• THE RECORDS:
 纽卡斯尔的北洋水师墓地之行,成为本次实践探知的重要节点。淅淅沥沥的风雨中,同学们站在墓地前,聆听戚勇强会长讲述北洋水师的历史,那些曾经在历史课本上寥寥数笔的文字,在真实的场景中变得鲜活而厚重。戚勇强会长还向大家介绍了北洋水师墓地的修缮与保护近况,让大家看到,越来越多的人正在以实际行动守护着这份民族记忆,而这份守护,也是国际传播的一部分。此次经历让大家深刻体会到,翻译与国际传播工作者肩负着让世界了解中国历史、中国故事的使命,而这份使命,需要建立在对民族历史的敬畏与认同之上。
---
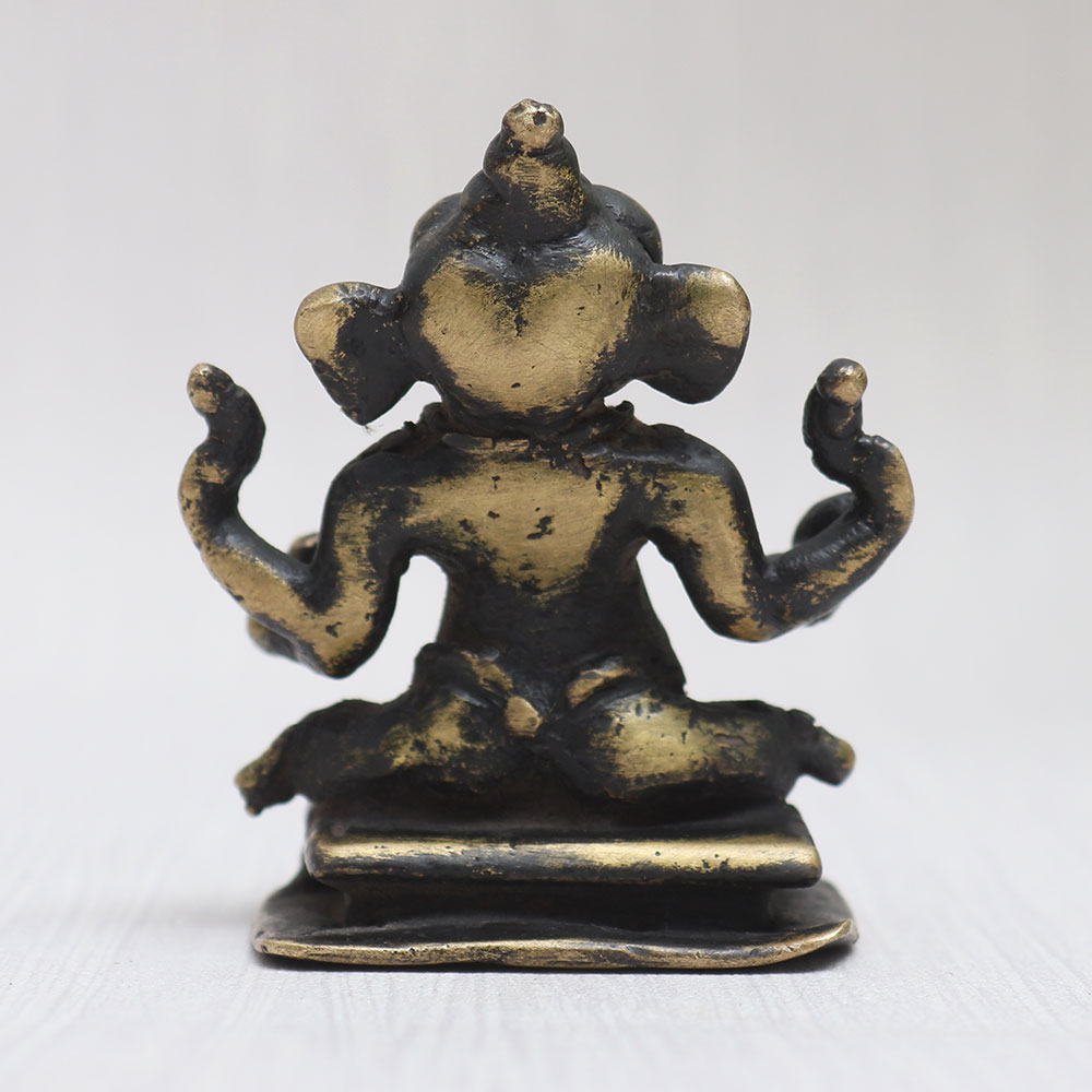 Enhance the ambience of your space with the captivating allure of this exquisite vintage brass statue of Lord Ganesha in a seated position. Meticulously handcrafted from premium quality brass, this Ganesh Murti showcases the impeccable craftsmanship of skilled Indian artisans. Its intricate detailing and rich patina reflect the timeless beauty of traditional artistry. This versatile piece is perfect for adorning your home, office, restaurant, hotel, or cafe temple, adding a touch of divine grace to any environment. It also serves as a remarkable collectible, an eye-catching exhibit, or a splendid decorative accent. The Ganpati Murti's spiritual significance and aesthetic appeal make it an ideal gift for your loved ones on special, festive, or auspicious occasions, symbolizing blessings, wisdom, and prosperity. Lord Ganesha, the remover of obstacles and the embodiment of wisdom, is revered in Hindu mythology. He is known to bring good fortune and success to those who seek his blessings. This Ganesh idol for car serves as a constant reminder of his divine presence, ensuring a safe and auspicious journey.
* * *
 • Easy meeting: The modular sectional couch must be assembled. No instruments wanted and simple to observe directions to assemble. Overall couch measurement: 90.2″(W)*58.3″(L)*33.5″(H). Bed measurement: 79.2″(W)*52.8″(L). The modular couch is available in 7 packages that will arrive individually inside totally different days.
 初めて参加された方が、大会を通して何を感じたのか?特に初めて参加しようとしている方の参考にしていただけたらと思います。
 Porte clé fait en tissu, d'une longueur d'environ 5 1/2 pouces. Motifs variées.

• REQUIRED WORK: From the entries above, restate word for word the lines from the line containing "初めて参加された方が、大会を" to the line containing "Porte clé fait", both ends included, and nothing more.

• ANSWER SECTION:
 初めて参加された方が、大会を通して何を感じたのか?特に初めて参加しようとしている方の参考にしていただけたらと思います。
 Porte clé fait en tissu, d'une longueur d'environ 5 1/2 pouces. Motifs variées.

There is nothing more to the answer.